The second is the dividend, or lack thereof, that the company pays to shareholders in cash, typically once a quarter.

The two added together equal the shareholders’ total return.

One important thing to remember is that when comparing two companies with equivalent rates of earnings—one paying a dividend and the other not paying—the dividend-paying company will pay its shareholder a higher total return. 

The stock that pays a dividend to its shareholders is providing them a return bonus or kicker.

What Most Investors Pay Attention To & Miss Out On

Historically and for most investors, relying on steady dividends to provide a large-enough income has been a challenge.

For those investors seeking yield, the difficulty is in predicting the exact dividend policies companies will adopt in the coming years.

And as more investors enter retirement and need to replace substantial proportions of their working-years’ income by using their investment portfolios, a reliable dividend-yield strategy is a must.

Because real estate investment trusts (REITs) distribute (by law) at least 90% of their taxable income to shareholders annually in the form of dividends, investors are becoming increasingly attracted to the notion of balancing a portfolio with these steady and reliable dividend investments.

A company that qualifies as a REIT can deduct dividends paid to its shareholders from its corporate taxable income.

As a result, most REITs historically remit at least 100% of their taxable income to their shareholders and therefore owe no corporate tax.

REIT shareholders pay taxes on the dividends received and any capital gains. Most states honor this federal treatment and also do not require REITs to pay state income tax.

Like other businesses, but unlike partnerships, a REIT cannot pass any tax losses through to its investors.

All I Want For Christmas Are A Few Good REITs

That’s why all I want for Christmas are a few good REITs. And there are two great REITs trading at a discount now.

One is STAG Industrial (STAG), a solid industrial landlord with 563 buildings and over 111 million square feet of space spread across 41 states.

STAG has a history of paying and increasing dividends for over 11 years in a row and importantly, shares are currently discounted, which means you can buy them with a margin of safety.
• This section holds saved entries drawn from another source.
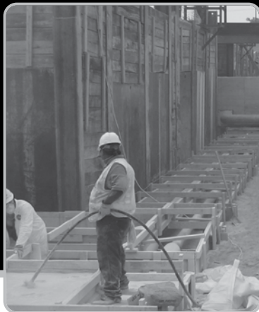
THERMAL ENERGY CORP (TECO) CHP EXPANSION PROJECT GILSULATE ® 500XR HAS BEEN THE SYSTEM INSULATING/PROTECTING TECO'S STEAM/COND./PUMP COND. FOR 25 YEARS! "FAILURE IS NOT AN OPTION FOR TECO."

The global economy and environmental demands have dramatically impacted the energy generation and distribution marketplace trifold. Owners are experiencing the skyrocketing maintenance and operating costs coupled with dwindling budgets; Gilsulate ® 500XR is the proven solution. Gilsulate ® 500XR offers a multitude of benefits with key points such as: long-term reliability, no maintenance system, superior BTU reductions, cost-effectiveness, flexibility, simplistic design & installation making it the overall value and choice owners are seeking today!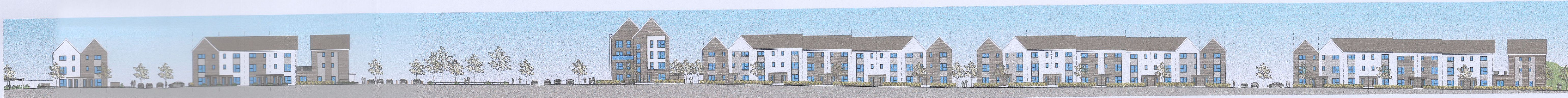
01 Elevation 01 - Celbridge Link Road 1:500 @ A1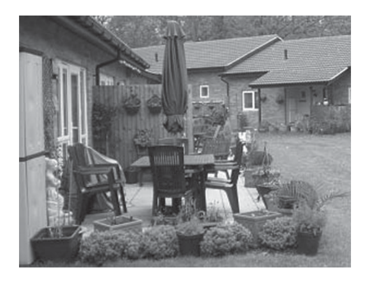
FIGURE 4: New bungalows.

Today, mixed-tenure accommodation and a variety of housing stock have replaced the old rented bungalows and the nursing home. DGV now comprises a mix of leasehold and rented accommodation, ranging from one- and two-bedroom apartments through to bungalows (some with up to three bedrooms) and detached two- and three-bedroom houses. All are designed to Lifetime Homes standards (British Standards Institute 2007) and many of the individual properties have well-defined and fenced-in gardens. Even where this is not permitted (as with the rented bungalows), residents have tended to delineate their territory with trellising, sheds and other physical markers (Figure 4).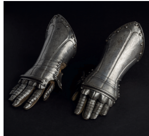
A pair of gauntlets with the original leather gloves, Nuremberg, circa 1580

Another stocking stuffer idea is Simon Property Group (SPG), a mall juggernaut with a portfolio of over 200 properties primarily here in the U.S.

Its strong portfolio is mostly made up of Class A Malls – which means it produces some of the best results for tenants when it comes to retail sales per square foot.
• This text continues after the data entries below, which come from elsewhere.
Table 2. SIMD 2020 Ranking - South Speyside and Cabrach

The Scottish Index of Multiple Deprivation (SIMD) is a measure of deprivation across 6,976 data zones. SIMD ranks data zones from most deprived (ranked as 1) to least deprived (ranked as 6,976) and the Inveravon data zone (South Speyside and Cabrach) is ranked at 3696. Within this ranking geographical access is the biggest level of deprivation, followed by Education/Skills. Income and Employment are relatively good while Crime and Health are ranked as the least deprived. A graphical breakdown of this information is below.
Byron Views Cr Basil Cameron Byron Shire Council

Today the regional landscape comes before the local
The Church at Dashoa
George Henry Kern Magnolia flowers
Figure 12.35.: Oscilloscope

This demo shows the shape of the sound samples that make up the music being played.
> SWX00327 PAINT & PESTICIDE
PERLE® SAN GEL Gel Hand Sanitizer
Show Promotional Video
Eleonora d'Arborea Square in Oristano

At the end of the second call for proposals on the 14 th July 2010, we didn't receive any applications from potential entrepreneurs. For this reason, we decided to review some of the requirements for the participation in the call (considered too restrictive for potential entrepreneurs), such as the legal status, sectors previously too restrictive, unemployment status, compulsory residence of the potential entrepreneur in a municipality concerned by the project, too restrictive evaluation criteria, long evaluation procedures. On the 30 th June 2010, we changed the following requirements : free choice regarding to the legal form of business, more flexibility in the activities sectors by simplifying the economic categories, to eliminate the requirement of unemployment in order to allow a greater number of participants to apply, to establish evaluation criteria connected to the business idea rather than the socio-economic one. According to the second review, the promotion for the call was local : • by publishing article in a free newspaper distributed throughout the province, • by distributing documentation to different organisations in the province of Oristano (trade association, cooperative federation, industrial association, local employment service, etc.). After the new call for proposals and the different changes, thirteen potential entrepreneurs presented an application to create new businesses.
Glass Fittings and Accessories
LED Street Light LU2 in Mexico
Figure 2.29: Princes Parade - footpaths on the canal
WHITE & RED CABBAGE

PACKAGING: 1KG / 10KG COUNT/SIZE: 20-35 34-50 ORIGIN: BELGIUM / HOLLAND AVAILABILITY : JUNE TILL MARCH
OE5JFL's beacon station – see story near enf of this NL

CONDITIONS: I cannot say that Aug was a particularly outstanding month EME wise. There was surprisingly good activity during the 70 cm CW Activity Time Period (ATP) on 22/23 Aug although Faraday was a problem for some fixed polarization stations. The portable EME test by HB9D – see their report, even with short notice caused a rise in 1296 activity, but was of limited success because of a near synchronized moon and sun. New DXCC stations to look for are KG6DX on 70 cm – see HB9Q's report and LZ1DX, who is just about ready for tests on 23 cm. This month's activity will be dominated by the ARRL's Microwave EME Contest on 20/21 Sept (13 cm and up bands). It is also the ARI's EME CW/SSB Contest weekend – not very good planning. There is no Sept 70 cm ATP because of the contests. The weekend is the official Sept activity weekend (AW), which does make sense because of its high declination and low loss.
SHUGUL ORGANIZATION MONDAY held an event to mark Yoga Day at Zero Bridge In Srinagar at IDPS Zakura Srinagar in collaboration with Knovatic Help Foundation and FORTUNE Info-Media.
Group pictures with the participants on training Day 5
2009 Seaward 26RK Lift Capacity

These shares are also currently trading at a discount, in addition to having a tasty 6.1% dividend yield as of the time of writing this. The upside looks appealing and our research targets shares to return over 20% in 12 months.

I can’t wait to see the expression on my three teenagers faces when I tell them they are getting stock for Christmas.
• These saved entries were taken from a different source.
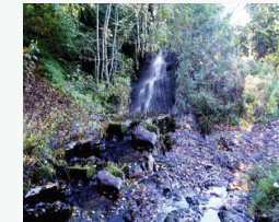
The Gleniffer Braes "The Midgees Dance Aboon The Burn"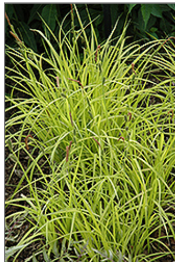
Bowles' Golden Sedge

Bowles' Golden Sedge is recommended for the following landscape applications;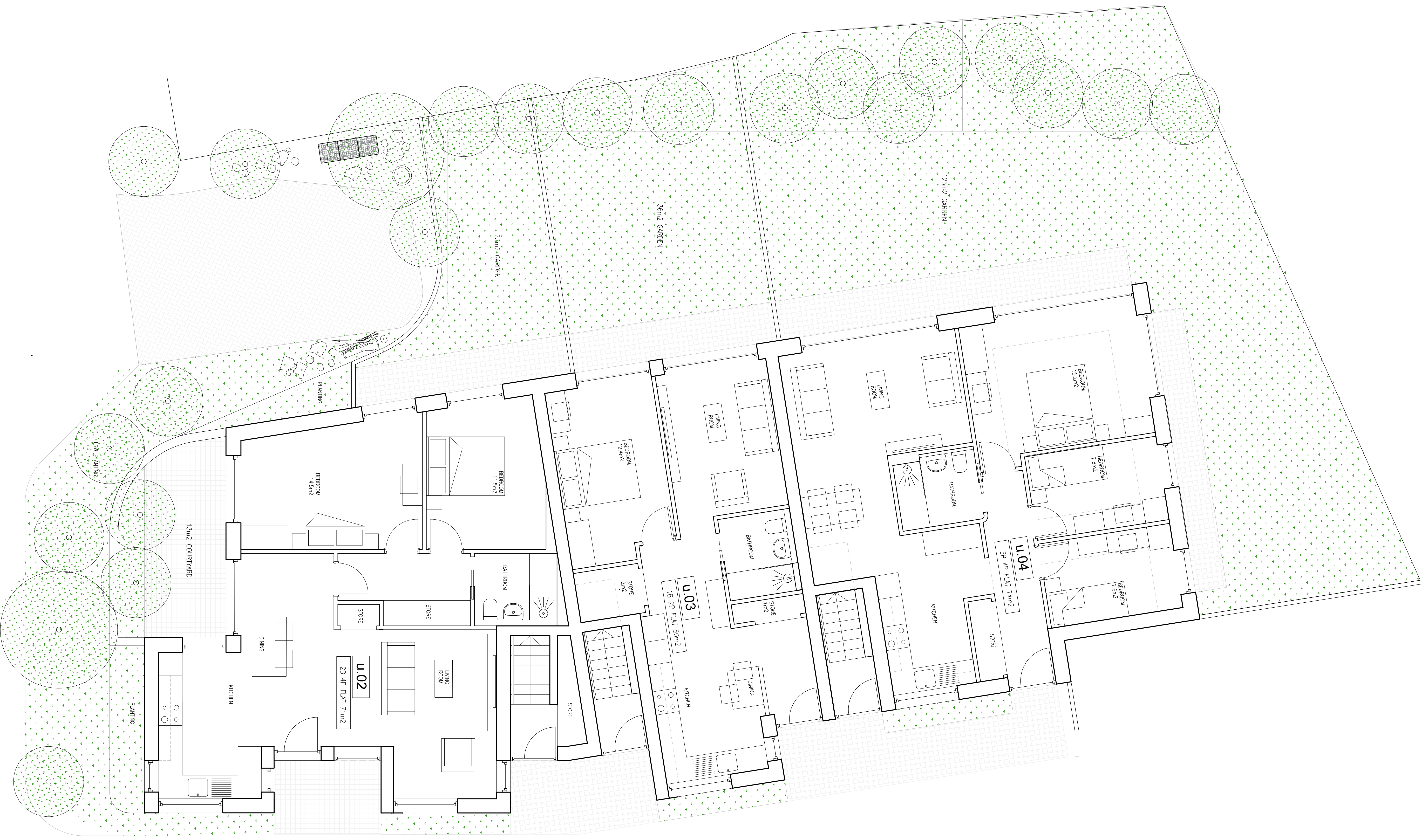
GROUND FLOOR :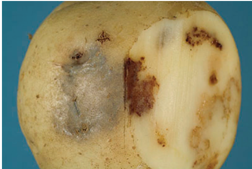
Late blight on potato tuber.

On potato tubers: Infected potatoes have shallow, brownish or purplish lesions on the surface of the tuber. If you cut across the surface of these infected areas, you'll see a reddish-brown, dry, granular rot that extends up to half an inch into the flesh. Late blight lesions can serve as pathways for other tuber diseases including bacterial soft rot to enter, so late blight symptoms can sometimes be obscured by symptoms of other diseases.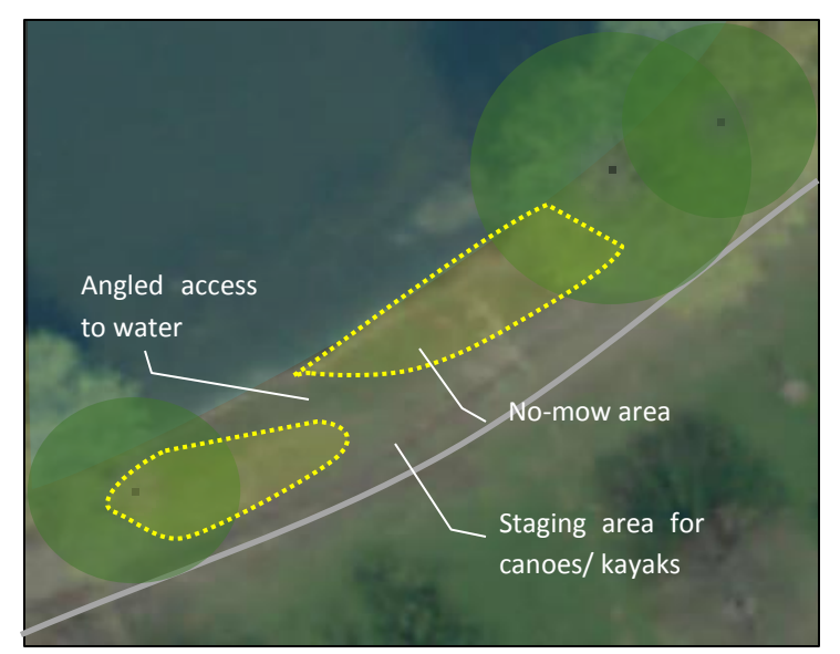
FIGURE 3: OVERHEAD VIEW OF PROPOSED NO-MOW/NATURALIZATION AREA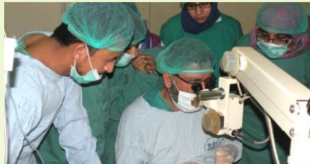
The students were shown live operative procedures.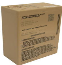
Bren-Tronics 2590 Battery (2 will fit in HFD Case)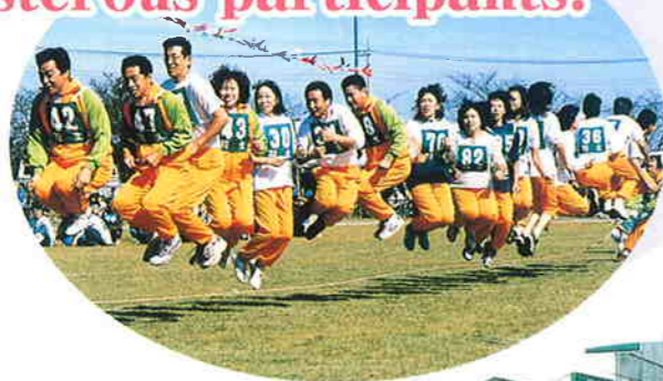
Citizens' Sports Festival

Loud cheers are sent to the boisterous participants!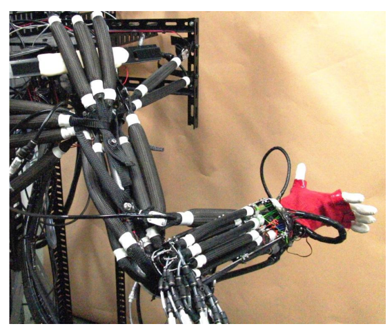
Fig. 1 The developed musculoskeletal robot arm.

In this research, we develop a musculoskeletal robot arm based on a human's upper limb musculoskeleton in order to investigate how the design contributes adaptive behavior of human beings. As one of tasks which a human naturally does, we focus on a task in which the developed robot arm reaches and grasps a doorknob and opens the door. This door-opening task, where the robot arm has to physically contact with the doorknob, is known as one of most difficult task for traditional robots[4]. In this paper, we realize the door-opening task by using very simple control and evaluate how the design of the robot arm contributes for the task accomplishment quantitatively.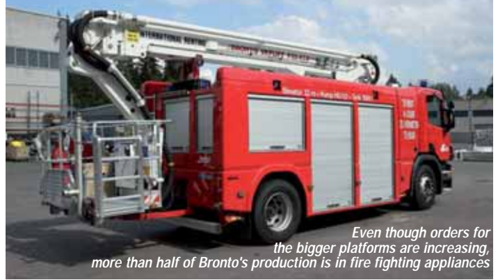
Even though orders for the bigger platforms are increasing, more than half of Bronto's production is in fire fighting appliances

The company says it plans to employ the same formula for success it has used for the past several years and will also consider 'strategic acquisitions and joint-venture possibilities' in the future.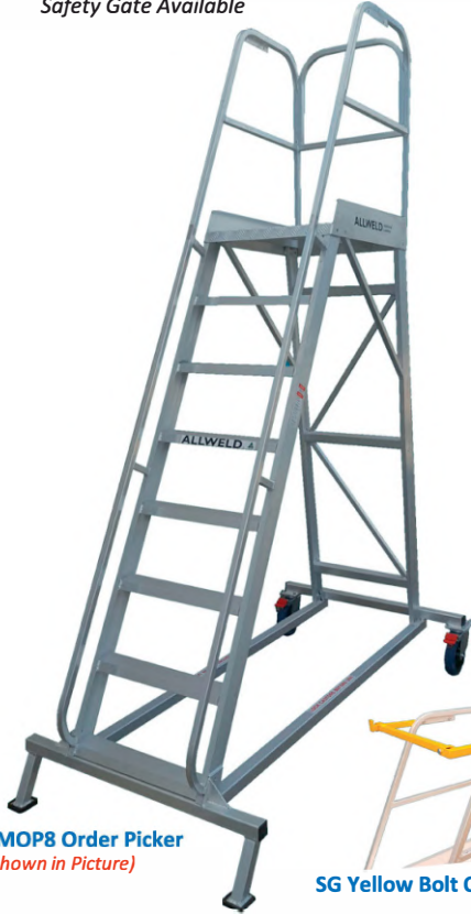
EMOP8 Order Picker (Shown in Picture)

△ Industrial Strength Fully Welded Ladders △ Made in Australia to Australian Standards (AS/NZS 1892.1) △ Steps 80mm Wide △ Platform Size 750 x 600mm From 2.5mm Aluminium Chequer Plate △ Optional Castors, Hand Rails & Safety Gate Available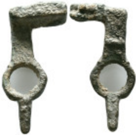
719 Ancient Roman Bronze Door Key Reference : Condition: Very Fine Weight: 14,4 gr. Diameter: 43,6 mm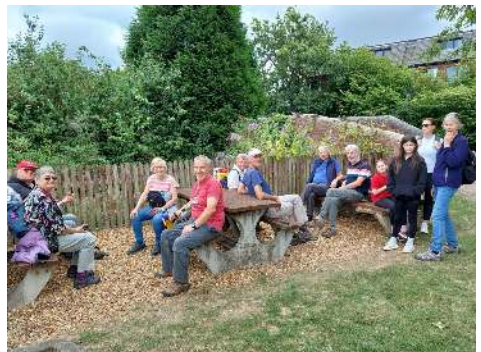
At The Wharf

Then followed almost a mile along the Stratford-Upon-Avon canal. We took a brief breather beside The Wharf public house in Hockley Heath, before crossing Hockley Heath park.

They may not be thrilled at first. But unlike the items they want that they’ll get bored of in a couple of months, REITs are one gift I know will keep giving in the years ahead.

I’ll be sure to remind them of a quote from one of the wealthiest investors of all-time:

“Do you know the only thing that gives me pleasure? It’s to see my dividends coming in.” – John D. Rockefeller

I’ll let you know how it goes after the new year. I would love to hear from you about the financial lessons that you’ve tried to pass onto your kids over the years. Please share them, here.

In the meantime, have a wonderful Christmas with your friends and family this weekend. I hope you are surrounded by loved ones and blessings that last.